ROLE MODELS is ragged around the edges and pretty threadbare in between. Co-writer Paul Rudd, sharing credit with a small army of fellow screenplayers, has a genuine gift for a sight gag, and there plenty popping up here. Alas, he falls short with all the stuff that links them together. Yet, for all its failings with a plot that travels a too well-worn path, a running joke about a bagel dog that was funny the first time despite Jane Lynch’s best efforts to keep it going, and sexual situations that evoke the worst of low-rent hormonal teen romps, the sight in a long shot of co-star Seann William Scott, buck naked and prone in the middle of a camp ground as small children and their mentors gingerly approach him in the soft golden glow of the early morning, is a wondrous bit of dada perfectly executed.
The title is, of course, ironic. Rudd and Scott are Danny and Wheeler, drones in the employ of an energy drink concern who ply their trade as shills for the product at school assemblies, using an anti-drug spiel as the thinnest of pretenses for their pitch. Wheeler is living the dream, dressing up in a minotaur costume, taking hits off a doobie between gigs, and otherwise meandering through a life of instant gratification of all types. Danny, however, the one in the suit extolling the virtues of an energy drink over controlled substances, is suffering a serious bout of the doldrums. His lack of a goal in life is weighing heavily on him, a state of mind that has him berating barristas, among others, with extreme prejudice. It drives his attorney girlfriend, Beth, (Elizabeth Banks) to move out, which only makes Danny’s doldrums worse. So much worse that an unfortunate bout of truth during a school assembly is followed by a fit of pique involving a tow truck, a police officer, and a statue of a horse. Danny and Wheeler find themselves ordered into community service to avoid jail and the service, for reasons that only make sense in the context of a wacky comedy, is with an outfit that pairs kids in need of guidance with responsible adults to mentor them.

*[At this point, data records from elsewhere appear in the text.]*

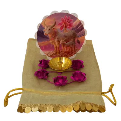 Bring light, positivity, and devotion into your home with this beautifully crafted Diya Gift Set from Metals & Beyond. Designed with a sacred cow backdrop, this diya radiates purity and spiritual charm, making it ideal for pooja rituals, daily prayers, and festive celebrations.
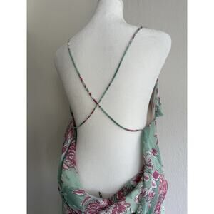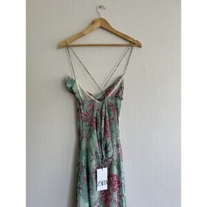 Dress to impress at your next event with this stunning Zara Chiffon Floral Maxi Dress. This beautiful multicolor dress features a floral pattern that is perfect for any summer or spring wedding. The strappy sleeve design and ruffle accents add a touch of elegance to this lightweight and comfortable dress.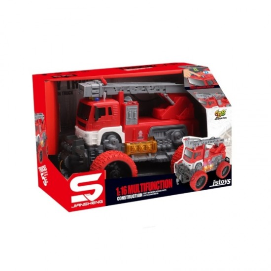 Пожарная машина с большими колесами, водяным шлангом, инерционным механизмом, светом и звуком, 1:16, JSTOYS, ZJA327123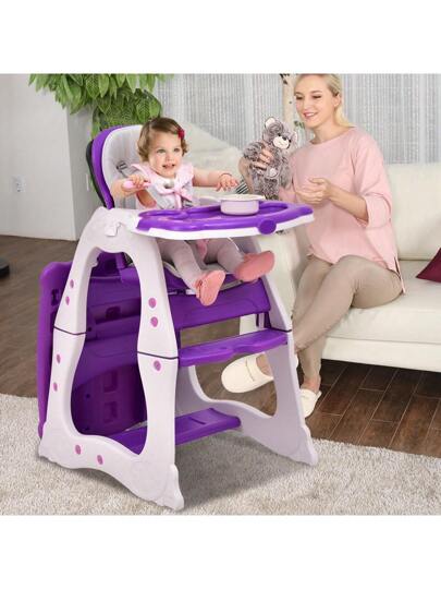 3 In 1 Baby High Chair Convertible Play Table Seat Booster Toddler Feeding Tray Purple - Purple - View 1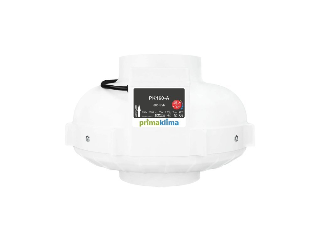 Prima Klima PK160-A je mimoriadne efektívny potrubný ventilátor vybavený AC motorom ebm-papst so zadne zakrivenými lopatkami. Celý kryt je vyrobený z nárazovzdorného a nehorľavého polyamidu (nylonu). Bezúdržbové guľôčkové ložiská zabezpečujú tichý a hladký chod motoru. Ventilátor je ideálny pre efektívnu a spoľahlivú ventiláciu.Ventilátor zvláda maximálny prietok 680 m3/hpri príkone 88W.)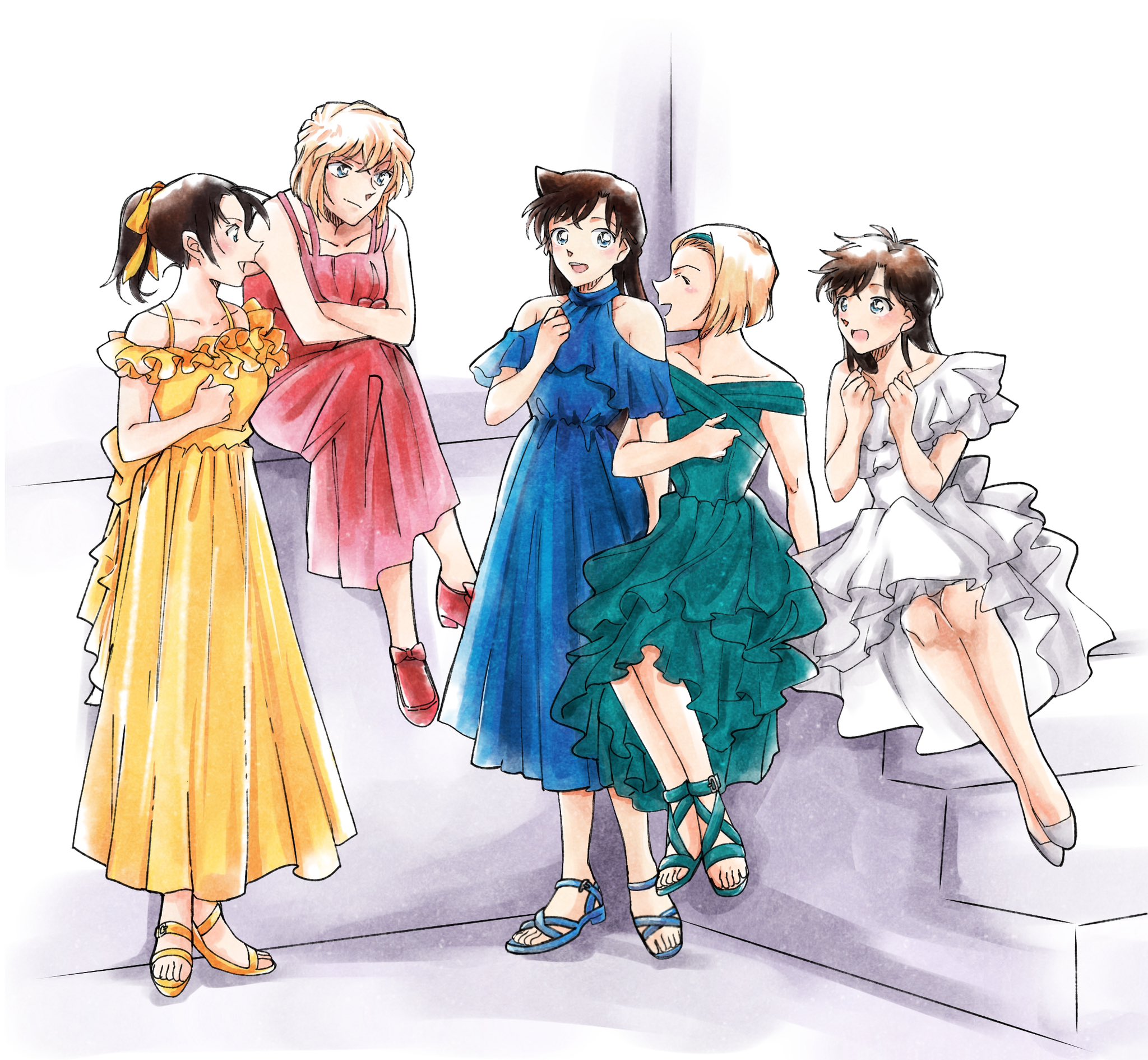 5girls :d ^_^ black_hair blue_dress blue_eyes blue_sandals brown_hair clenched_hands closed_eyes closed_mouth collarbone crossed_arms crossed_legs dress full_body green_dress green_hairband green_sandals hairband high_ponytail highres indoors long_hair looking_at_another meitantei_conan miyano_shiho mouri_ran multiple_girls nakamori_aoko off-shoulder_dress off_shoulder open_mouth ponytail red_dress sandals sayaendou0426 short_hair sleeveless sleeveless_dress smile stairs standing suzuki_sonoko teeth tooyama_kazuha upper_teeth_only white_dress yellow_dress yellow_sandals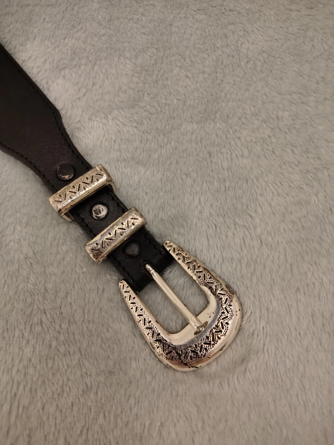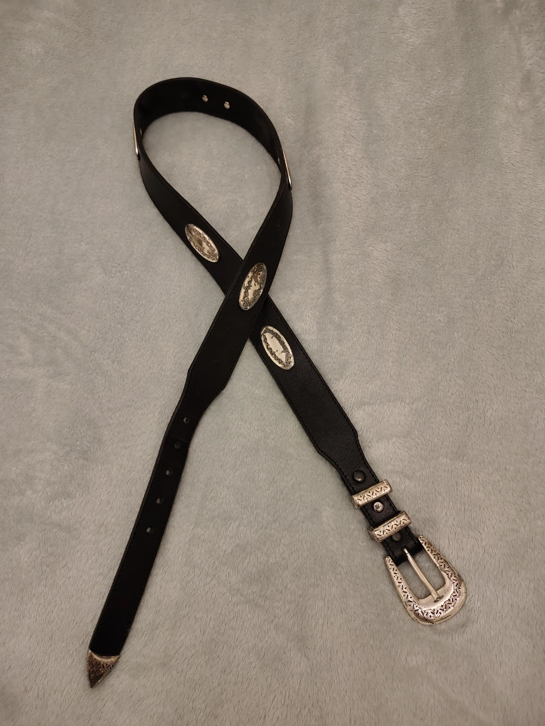 Excellent condition, but buckle has light tarnish/patina, please see photos, this is pretty typical for a piece this aged and honestly I loved it when I wore more western outfits 🤣
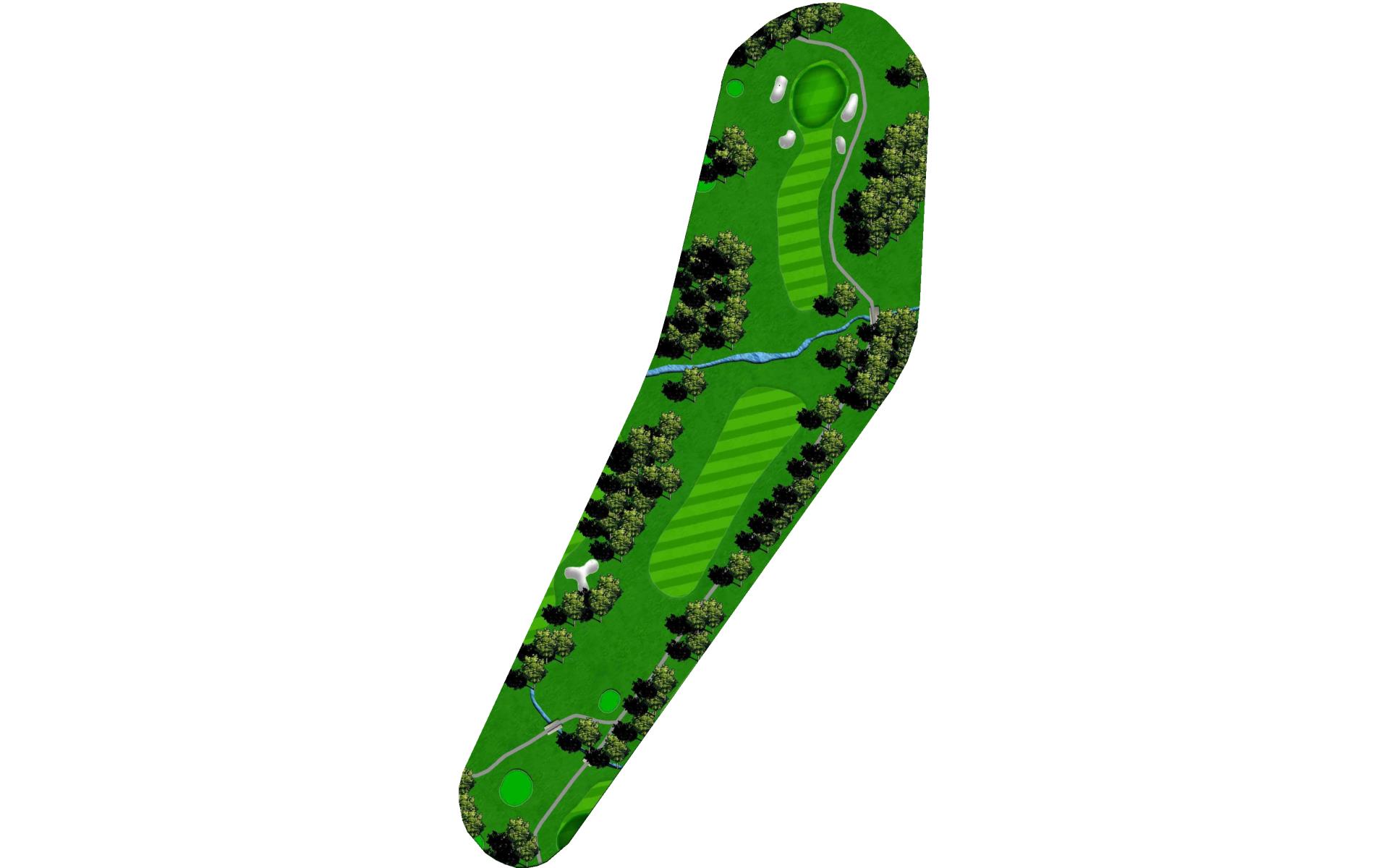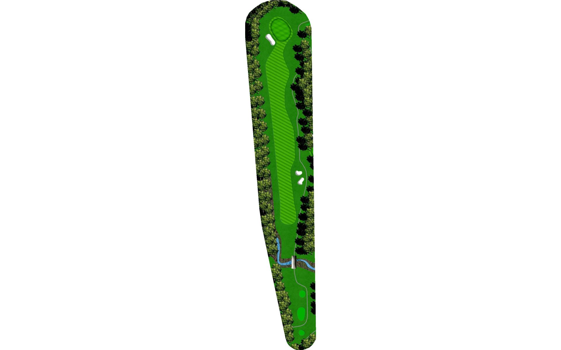 Difficult tee shot with water on right and crossing the fairway. Mostly a three-shot hole. Difficult approach shot to a narrow green that is slightly elevated.

The guys are paired with the most hopeless cases: Danny with Augie (Christopher Mintz-Plasse lisping his way into the nerd pantheon) an adolescent sporting both a cape and a duct tape-covered foam sword, Wheeler with Ronnie (a stunningly precocious Bobb’e J. Thompson), a dangerously hyperbolic younger kid with a small stature but a big, scary mouth who has been through eight mentors. They don’t hit it off, then they sort of bond, then they each make a boo-boo, then they each must redeem themselves, and, well, you get the drift. It’s a long way to go in order to get these four into unreasonable facsimiles of the costumes once sported by KISS, and the payoff isn’t much more than mildly interesting.
Rudd combines snarky and blasé in a winning fashion as he bonds with Augie, a kid that, like Danny, has been forced into the program. Rudd never quite moves beyond that combination, even while softening up to Augie’s obsession with a dungeons-and-dragons variety of real-life role playing in the park, finding much to admire in this outsider with a solid sense of himself. There are the deep philosophical ruminations about how he likes the >idea< of a soft drink more than the drink itself. There is the charming inability to get past an opening line and the ensuing very long, very awkward pause with his dream-girl. Scott is a fetching man-child with surprisingly astute insights into how to connect with Ronnie via the ci-mentioned KISS and a man-to-man about how to notice the secondary sexual characteristics of the female of the species without being obvious about it. Their relationship, unlike that of Danny and Augie, feels less like a plot contrivance than a bonding of peers. Lynch, a seasoned veteran of the Christopher Guest improv films, marries a deadpan ferocity and complete obtuseness as the founder and director of the mentoring program in which our heroes find themselves. The forceful way her character winds herself up with rambling, confessional/inspirational monologues that are remarkable for having absolutely nothing to do with any issue at hand is as loopy as it is indelible.
ROLE MODELS has an unexpected sweetness to it that builds to a fever pitch on several fields-of-honor, real, imagined, and legal. By the end, everyone has learned the necessary important life lesson, the audience has learned Renaissance slang for female gonads, and a solo song by Paul Rudd has brought everything to a close with a less than rousing finale. Along the way, it manages to pull itself together just long enough to deliver enough real belly laughs to make it worth seeing, but not worth making undue haste to do so.